Most people who oppose Elena Kagan’s nomination to the Supreme Court will focus on either her defense of Harvard’s attempt to bar military recruiters from the campus or her lack of judicial experience.  However, as HA reader Frank points out, her record as Solicitor General will provide an argument on competence, too.  Kagan didn’t do her homework before arguing the Citizens United case on behalf of the Obama administration and the FEC — which her probably-soon-to-be colleagues on the Supreme Court wasted no time in pointing out.  It came at the very beginning of her oral argument, when one might expect a Solicitor General to attempt to impress the panel with her grasp of law and precedent:


ON BEHALF OF THE APPELLEE GENERAL KAGAN: Mr. Chief Justice and may it please the Court:

I have three very quick points to make about the government position. The first is that this issue has a long history. For over 100 years Congress has made a judgment that corporations must be subject to special rules when they participate in elections and this Court has never questioned that judgment.

Number two –

JUSTICE SCALIA: Wait, wait, wait, wait. We never questioned it, but we never approved it, either.  And we gave some really weird interpretations to the Taft-Hartley Act in order to avoid confronting the question.

GENERAL KAGAN: I will repeat what I said, Justice Scalia: For 100 years this Court, faced with many opportunities to do so, left standing the legislation that is at issue in this case — first the contribution limits, then the expenditure limits that came in by way of Taft-Hartley — and then of course in Austin specifically approved those limits.

JUSTICE SCALIA: I don’t understand what you are saying. I mean, we are not a self — self-starting institution here. We only disapprove of something when somebody asks us to. And if there was no occasion for us to approve or disapprove, it proves nothing whatever that we didn’t disapprove it.

GENERAL KAGAN: Well, you are not a self-starting institution. But many litigants brought many cases to you in 1907 and onwards and in each case this Court turns down, declined the opportunity, to invalidate or otherwise interfere with this legislation.

JUSTICE KENNEDY: But that judgment was validated by Buckley’s contribution-expenditure line. And you’re correct if you look at contributions, but this is an expenditure case.

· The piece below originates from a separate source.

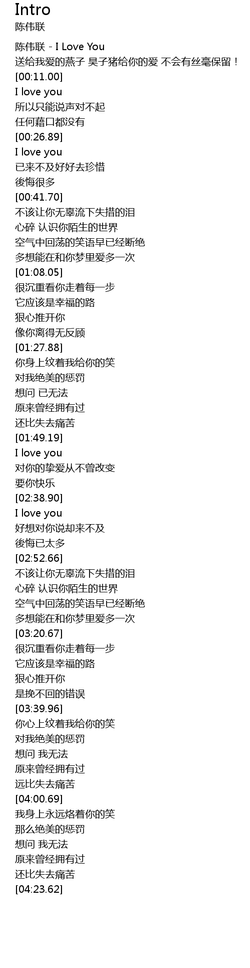 | [00:02.00] | 陈伟联 - I Love You |
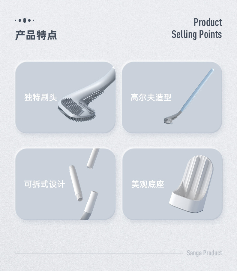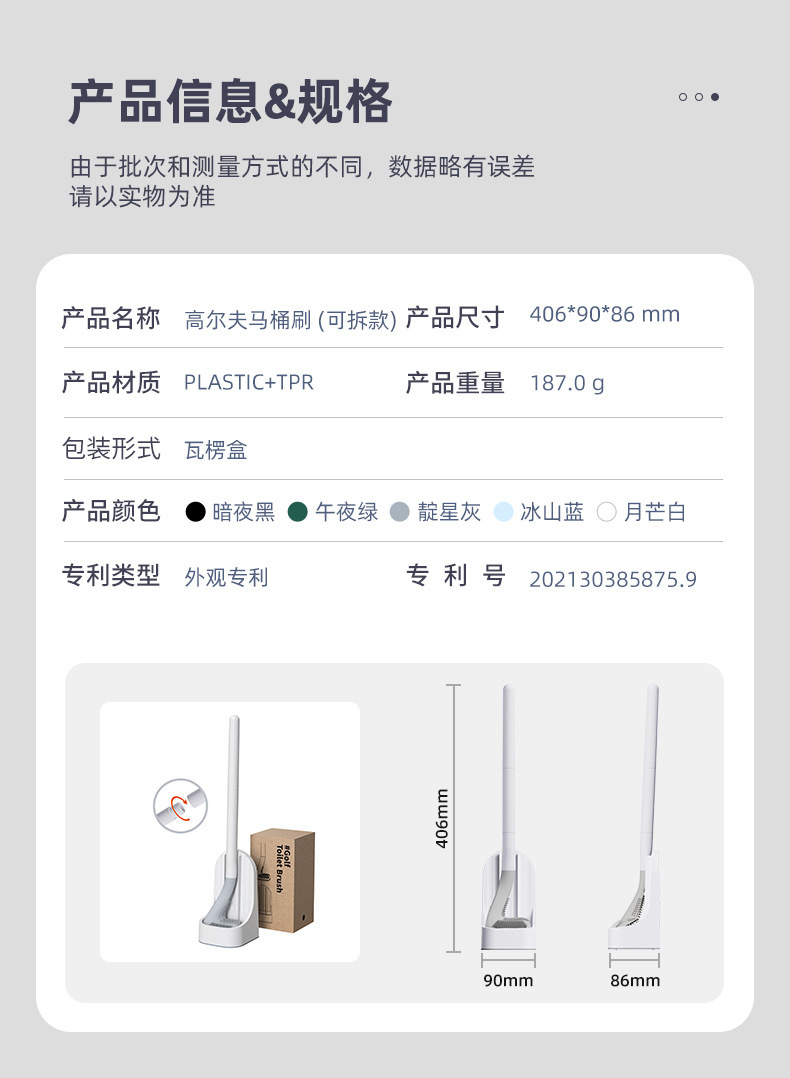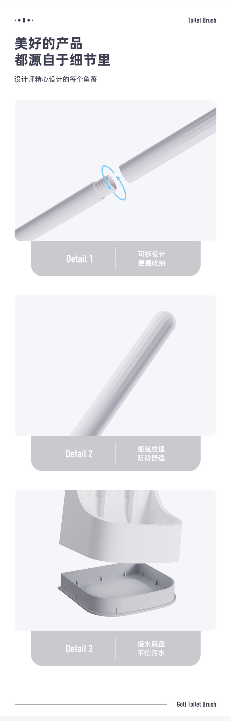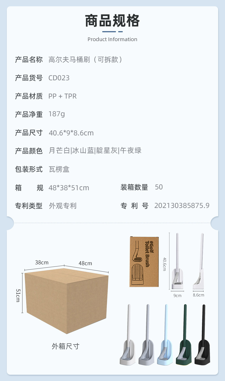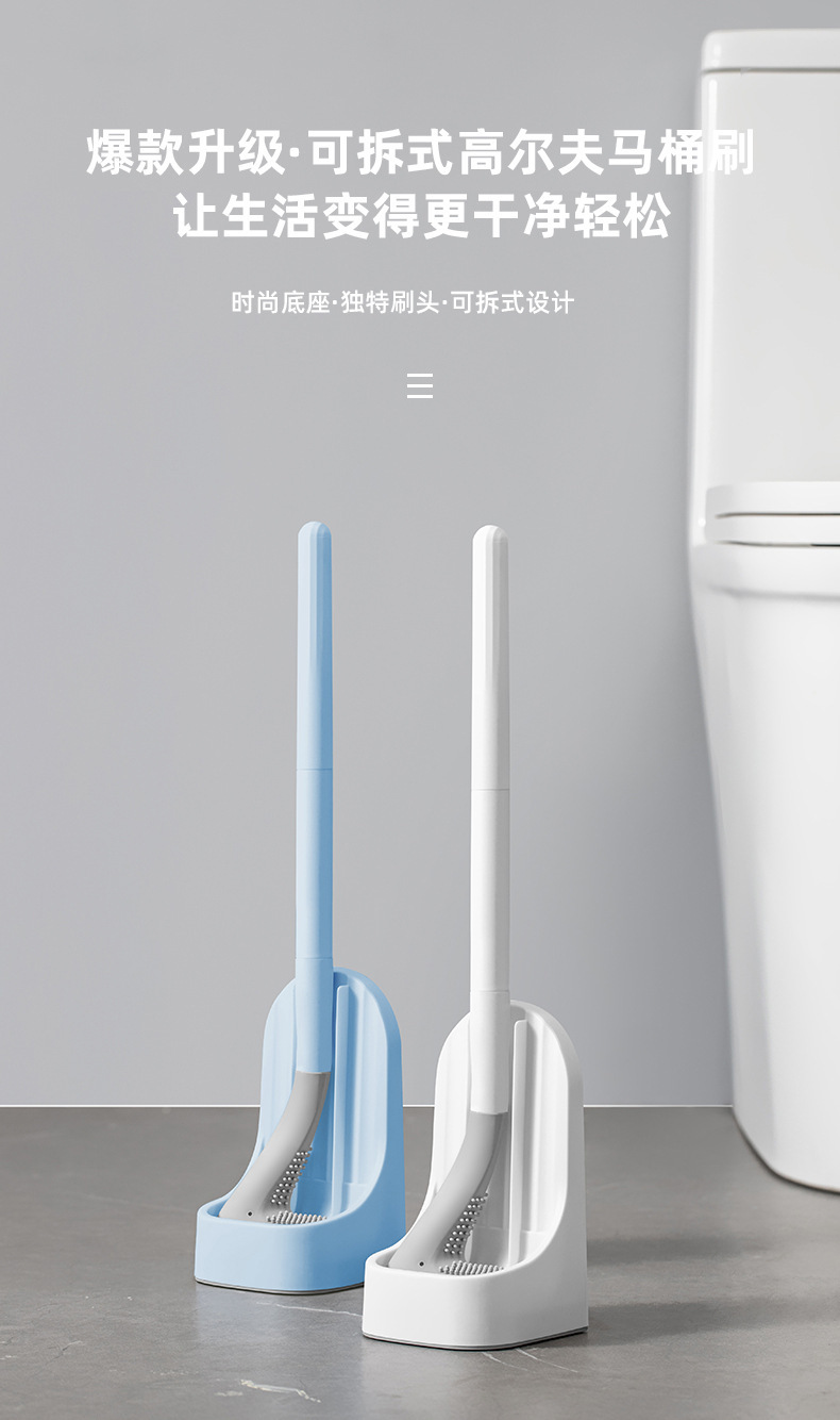 Venta caliente transfronteriza cepillo de inodoro de golf mango largo desmontable con base de goma blanda sin ángulos muertos juego de cepillo de limpieza de inodoro

And I think that it doesn’t clarify the situation to say that for100 years — to suggest that for 100 years we would have allowed expenditure limitations, which in order to work at all have to have a speaker-based distinction, exemption from media, content-based distinction, time-based distinction. We’ve never allowed that.

In fact, the crux of the case was the issue of limiting expenditures as an expression of political speech, not contributions.  Kagan started off her argument by misconstruing the issue and then offering a factually incorrect reading of precedent.  Both Scalia and Kennedy objected to it before Kagan even had time to get the argument completed, although as the transcript notes, she didn’t pay much attention to them.

Without any judicial experience, Kagan has to rely on her performance at the Court as Solicitor General over a short period of fifteen months — and at best, it’s mixed.